Pfosi, however, is cautious in his critique of the app itself, arguing that it’s merely a symptom of a larger problem. “If it weren’t [Grindr] it would just be something else,” said Pfosi, “because, at the end of the day, it’s a manifestation of how gay male dating culture has grown, and what it has grown into. It’s about sexual gratification.”

Yan-Mayer

What, then, could be at the base of this toxic dating culture?

In his widely acclaimed book The Velvet Rage, Dr Alan Downs ascribes the ongoing psychological struggles of queer men (particularly, but not exclusively, when it comes to dating) to deep-rooted shame we carry from growing up queer in a straight world. In many cases, Downs claims, this shame goes untreated and unacknowledged, and so we grow into adulthood with an internalised sense of unworthiness that makes us both primed to expect rejection and highly discriminatory of other people who we sense share the same symptoms.
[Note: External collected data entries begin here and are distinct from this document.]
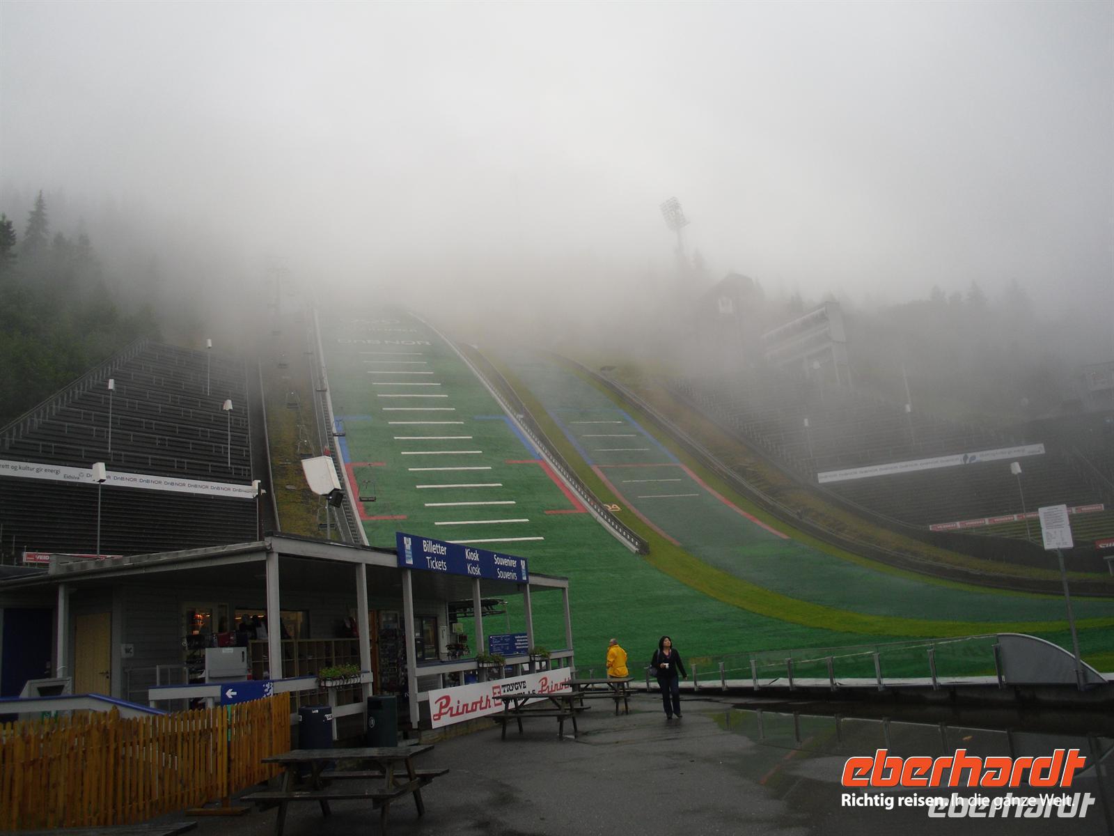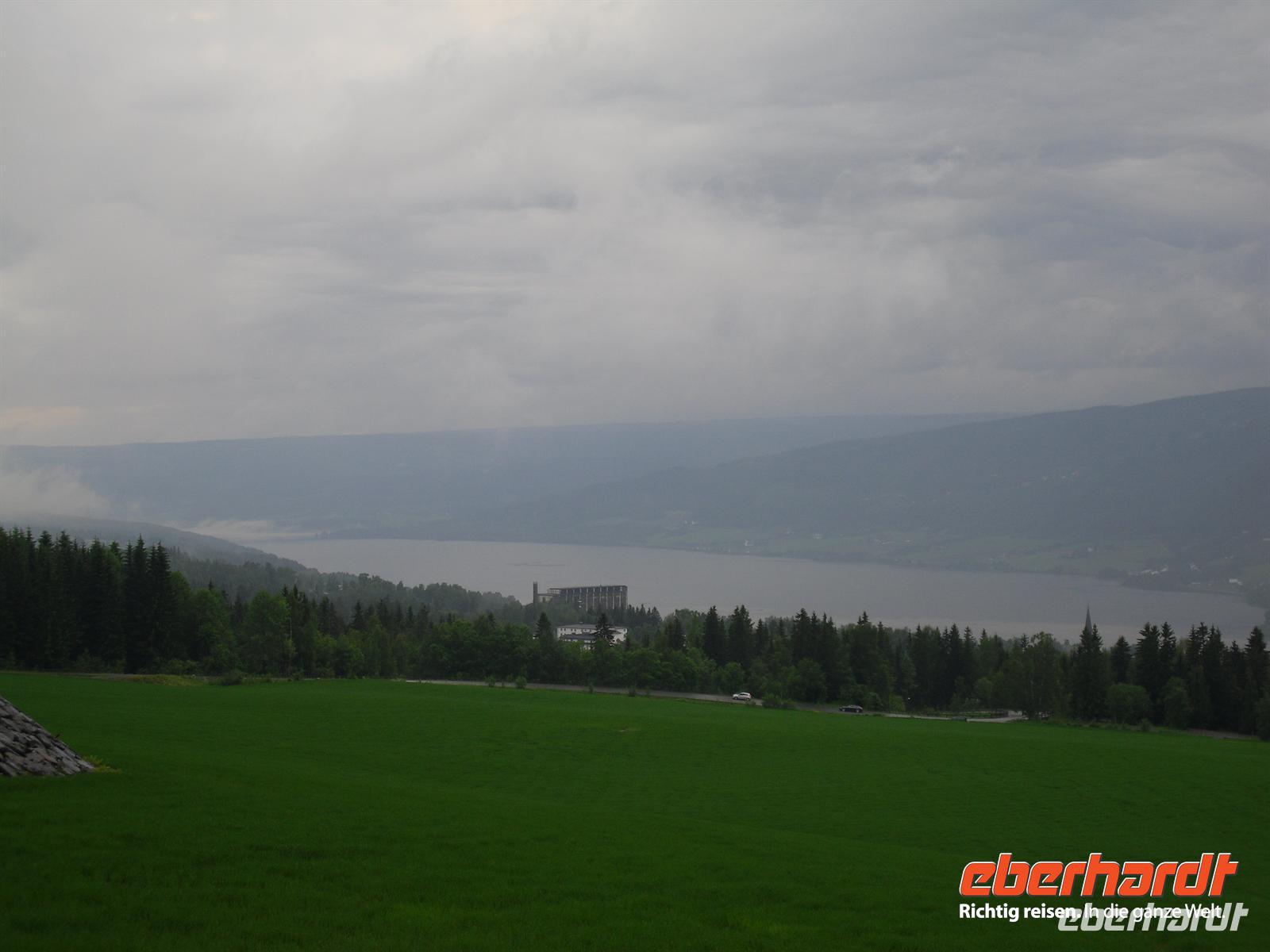 Unser erstes Ziel ist Lillehammer. Die Fahrt dorthin führt uns weiter vorbei am Mjösa-See, dem mit einer Fläche von 362 Quadratkilometern und einer Länge von 117 Kilometern größten See Norwegens. Das Wetter ist zwar nicht gerade berauschend, aber zumindest regnet es nicht, als wir an den Schanzenanlagen von Lillehammer ankommen.
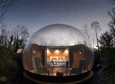 The Forest Domes feature 180° transparent walls allowing you to truly immerse yourself in the beauty and tranquility of nature. Escape the noise of the outside world and enjoy stargazing in comfort for the perfect romantic break in the Fermanagh Lakelands.
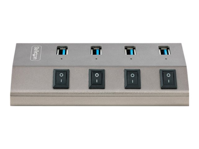 Ce hub USB 3.2 Gen 1 (5Gbps) à 4 ports ajoute quatre ports USB de type A à un ordinateur, avec l'avantage supplémentaire que chaque port dispose d'un interrupteur marche/arrêt individuel. Le hub USB est auto-alimenté par l'adaptateur d'alimentation fourni. Il se connecte à un port USB-A, ou USB-C sur un ordinateur portable ou de bureau.
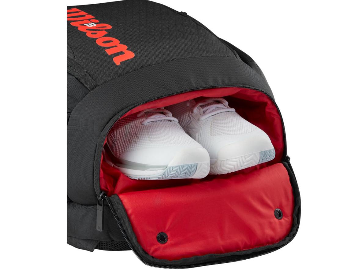 Ngăn giày riêng với lỗ thông hơi và lớp MoistureGuard giữ đồ bẩn và ẩm xa những vật dụng còn lại. Vị trí ngăn ở đáy balo giúp tách tối ưu, đồng thời hệ thống chống ẩm bảo vệ vợt và laptop khỏi hơi ẩm còn sót sau trận đấu. Thiết kế này tiết kiệm thời gian vệ sinh và ngăn mùi lẫn vào quần áo sạch.
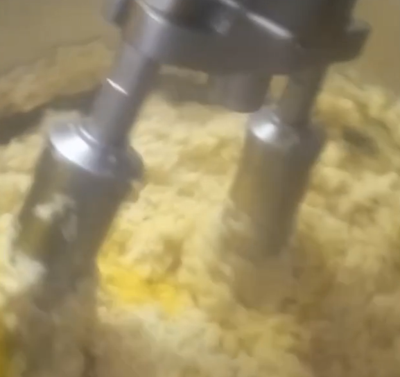 蒸した芋をすり潰し、なめらかにします。
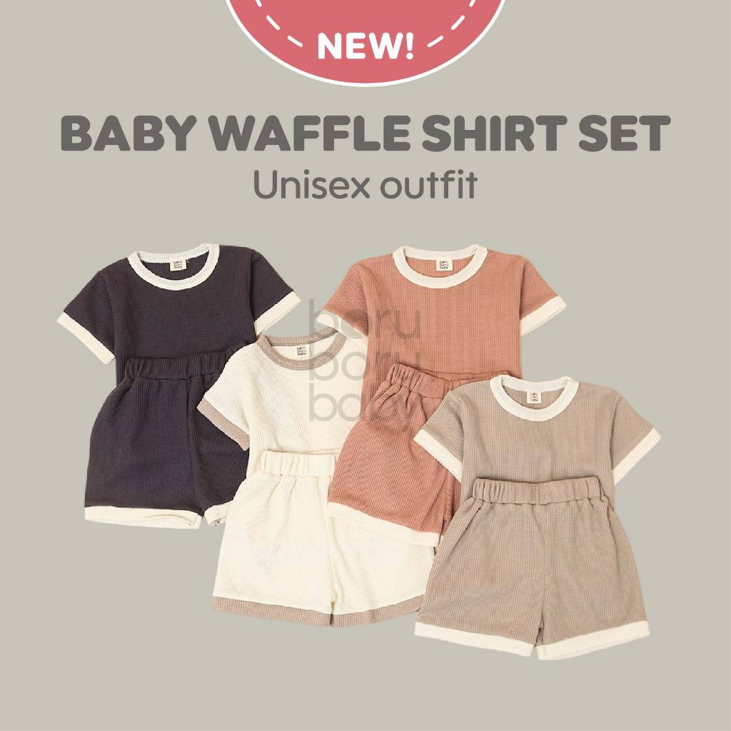 Shirt Set Waffle Unisex - Baju Celana Bayi Waffle - Paket Kaos celana anak
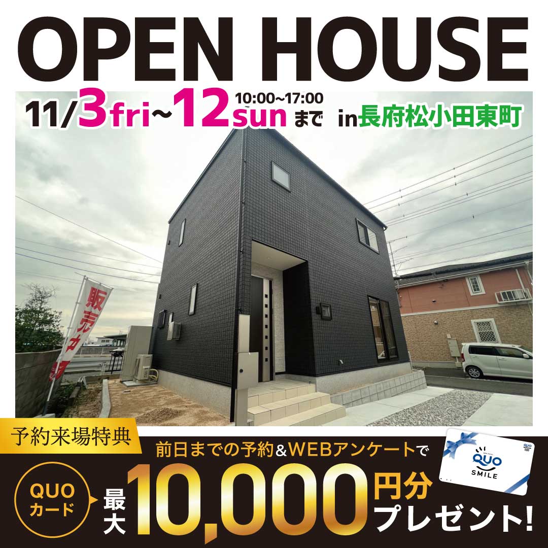 【下関店】東観音モデルハウスOPENHOUSE!来場予約でクオカード1万円プレゼント♪
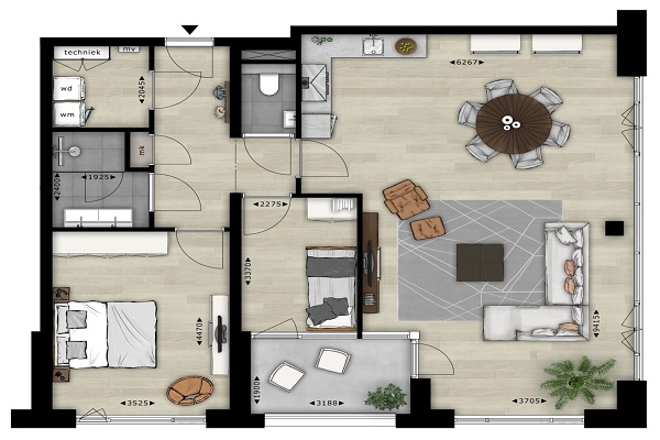 Alle appartementen in Sixty5 zijn tot in de puntjes afgewerkt. Het enige dat je hoeft te doen, is je meubels te verhuizen – ideaal! Waar de badkamer is voorzien van smaakvol sanitair van Villeroy & Boch, is de moderne keuken uitgerust met alle inbouwapparatuur om het koken nóg leuker te maken. Op de vloer ligt een luxe PVC vloer met houtlook en de wanden zijn reeds afgewerkt én geschilderd. Laten we ook de aanwezige internetaansluiting in zowel de woon- als slaapkamer niet vergeten. Je kunt dus direct van start met het leukste klusje: het decoreren van deze absolute droomwoning! De keukens van de appartementen zijn met alle denkbare apparatuur opgeleverd – koken was nog nooit zo ontspannen! Probeer de lekkerste recepten uit op een fijn 4-pits kooktoestel, houd alle ingrediënten koel en vers in de ruime koelkast en warm iets gemakkelijk op in de ruime combi magnetron. Heerlijk gegeten? Dan is de vuile vaat zo weg dankzij een praktische vaatwasser voorzien van de laatste technieken. Bon apétit! Ook de vloeren in jouw nieuwe huurappartement hebben we reeds voorzien van een prachtige én praktische PVC-vloer met een moderne houtlook. Het PVC is bijzonder handig in het onderhoud, maar geeft tegelijkertijd de luxe uitstraling van een houten vloer. Sterker nog: hij is niet van een echt exemplaar te onderscheiden. Wat een luxe! Ook de badkamer is luxe afgewerkt met smaakvol sanitair van Villeroy & Boch. ’s Morgens wakker worden en je tanden poetsen aan de wastafel met onderkast, handig voor het opbergen van toiletspullen. Tijdens een slaperig moment oppassen dat je je voet stoot bij het betreden van de douche? Niet nodig dankzij de inloopdouche met vlakke vloer én moderne drain. Alles oogt daarbij stijlvol en modern – helemaal van deze tijd!
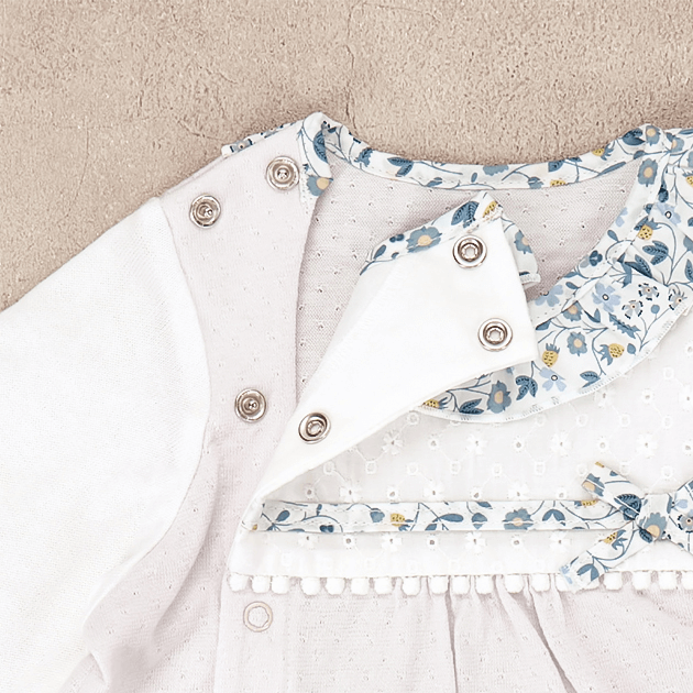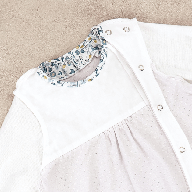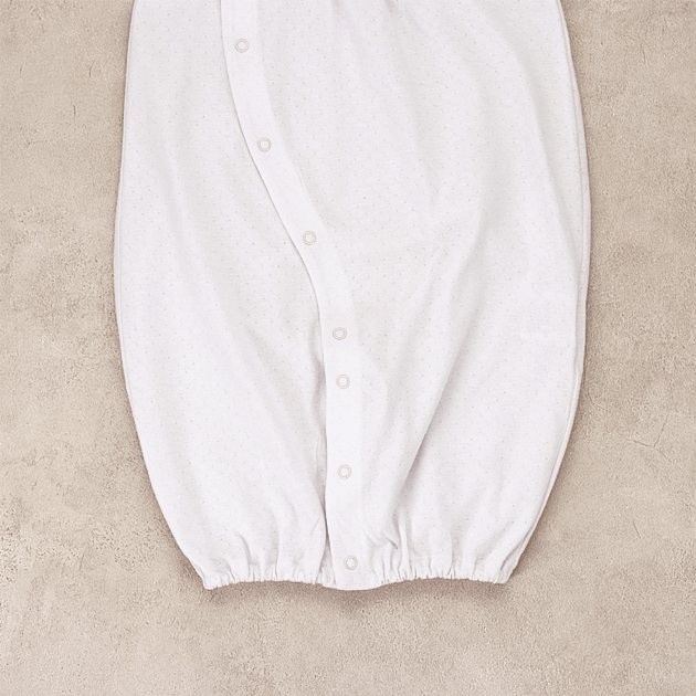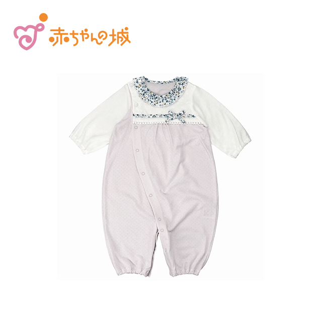 やわらかく吸水性のある天竺素材で、春から秋先まで活躍します。生まれてすぐは足を包むドレスタイプ。足をばたばた出来るようになったらボタンを留め替えて、カバーオールタイプにもなるツーウェイ仕様です。

This explains why when we come into contact with one another we often treat each other viciously, and why predominantly gay spaces—be it neighbourhoods, clubs, bars, or dating apps—are prone to become breeding grounds for further hurt, isolation, and trauma. We often don’t function as a real community, but rather as a cluster of deeply traumatised individuals who mirror each other’s internalised shame.

According to Michael Hobbs, a Seattle-based writer who greatly influenced Pfosi’s work, this is nothing short of an epidemic. A research by the Community-Based Research Centre (CBRC) indicates that as queer men we’re between 2 and 10 times more likely to commit suicide than our straight counterparts, and are twice as likely to suffer from major depression. We are also prone to higher rates of diseases such as cardiovascular disease, cancer, allergies, asthma, and more. Researchers correlate these phenomena with what they call ‘minority stress’ syndrome as well as trauma experienced in gay relationships and environments after coming out.

In order to truly tackle this toxic plague of depression, anxiety, and loneliness among queer men (and arguably in the queer community in general), we must engage in the challenging but necessary work of self-exploration and healing, while, simultaneously, building a real community. Not necessarily one that is fabulous and chic and blunt, but rather a network of communities that foster genuine human connection and support.

Pfosi’s goal is to have people upload their own stories to his Looking web-app, a function that is still in the works. “What I would really love for this app is for it to, through this submittable profile capability, become a way to interface with this work commenting on the LGBT dating experience, specifically the gay male dating experience, in a deeper, more conversant way,” said Pfosi. “There’s this feminist term,” he added, “called consciousness raising—bringing together ideas and experiences between a politically or socially marginalised group, and what facilitates that is narrative and empathy, and I want this project to be one of those tools that facilitate this kind of conversation.”

Ultimately, a sense of belonging must transcend the screen and be formed through real life connections and support networks. It is initiatives such as Pfosi’s, however, that set us in the right direction and have great potential to inspire empathy, decrease alienation, and spark some much needed conversations.